Swiss authorities have announced that they will not extradite filmmaker Roman Polanski to the United States.
Justice Minister Eveline Widmer-Schlumpf told a news conference on Monday: “He’s a free man.” Polanski, 76, has already been released from house arrest at his chalet in Gstaad.
The Swiss Federal Department of Justice and Police said the decision came because Polanski had been coming in and out of Switzerland since 2006 to go to his vacation home; therefore he could not have reliably been expected to have been arrested and deported when he visited the country to accept an award from the Zurich Film Festival in September 2009.

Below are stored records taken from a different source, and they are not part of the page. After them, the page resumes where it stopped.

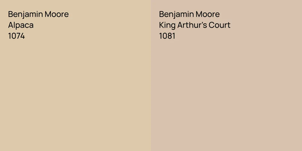 Benjamin Moore 1074 and 1081 differ significantly in saturation. Benjamin Moore 1074 is more saturated.
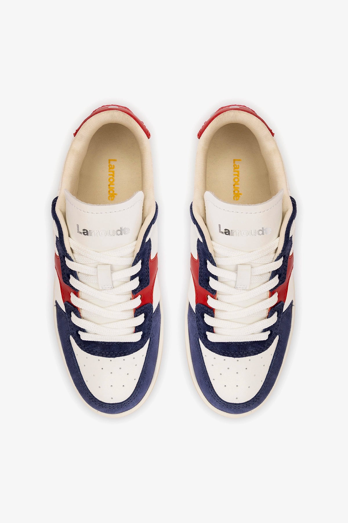 • Insole with Larroudé Cloud memory foam cushion and hot stamp logo
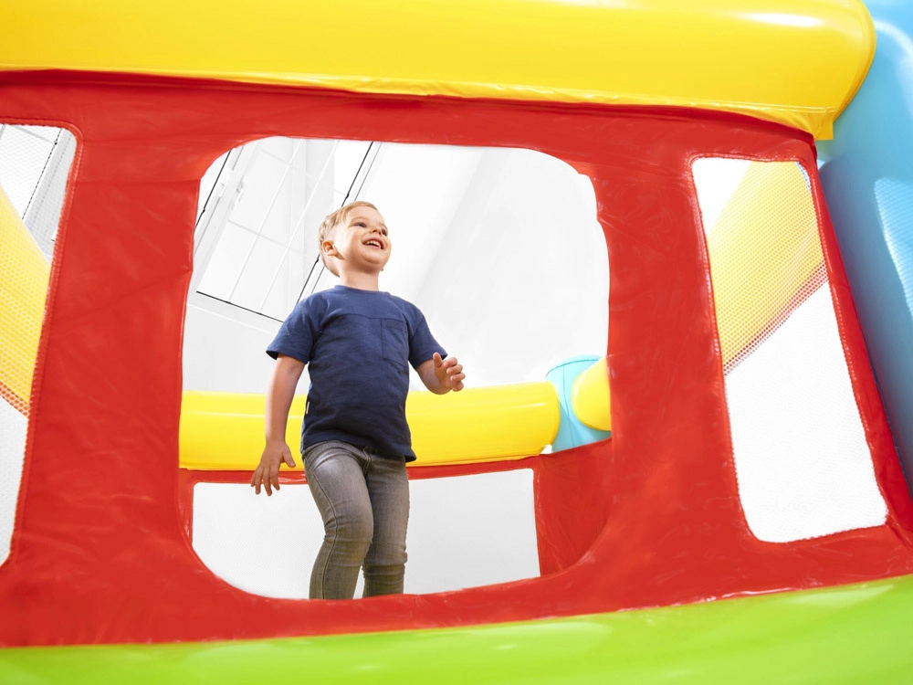 El material resistente de PVC está diseñado para un uso frecuente y un mantenimiento sencillo. La abertura de entrada permite subir y bajar cómodamente y las estacas de fijación mantienen la atracción en su sitio incluso durante un juego más movido en exterior.

“Roman Polanski would not have decided to go to the film festival in Zürich in September 2009 if he had not trusted that the journey would not entail any legal disadvantages for him,” the Swiss justice ministry said in a statement.
The Swiss authorities said the extradition request was “undermined by a serious fault” in that US authorities had not turned over requested documents related to the case.

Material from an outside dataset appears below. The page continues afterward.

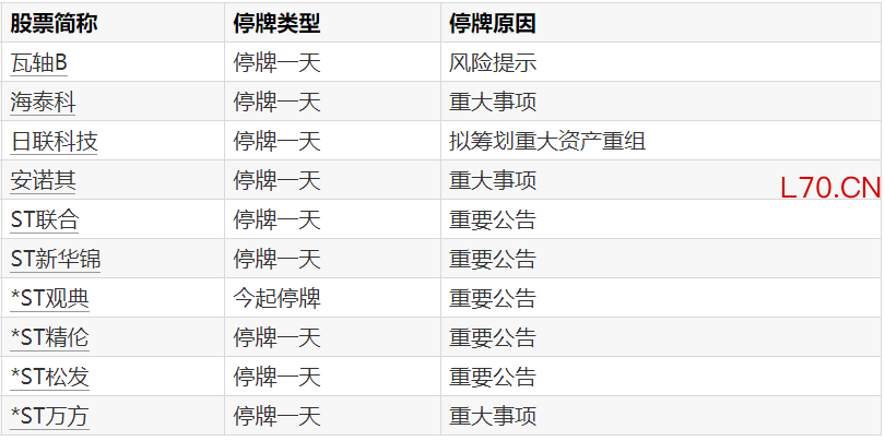 A股停牌提示:10股今日停牌

Widmer-Schlumpf said the US wouldn’t be able to contest the ruling.
The extradition request was tied to sentencing related to Polanski’s plea deal after having sex with an underage girl in 1977.
The Swiss Federal Department of Justice and Police said a flaw in the U.S. extradition request could not be ruled out and that Polanski, who maintains a vacation home in Switzerland, could reliably expect not to be arrested and deported since the U.S. knew of his frequent presence there over the last few years but never acted on it.
Polanski’s most recent film, thriller The Ghost Writer (also known as The Ghost) was completed during his house arrest.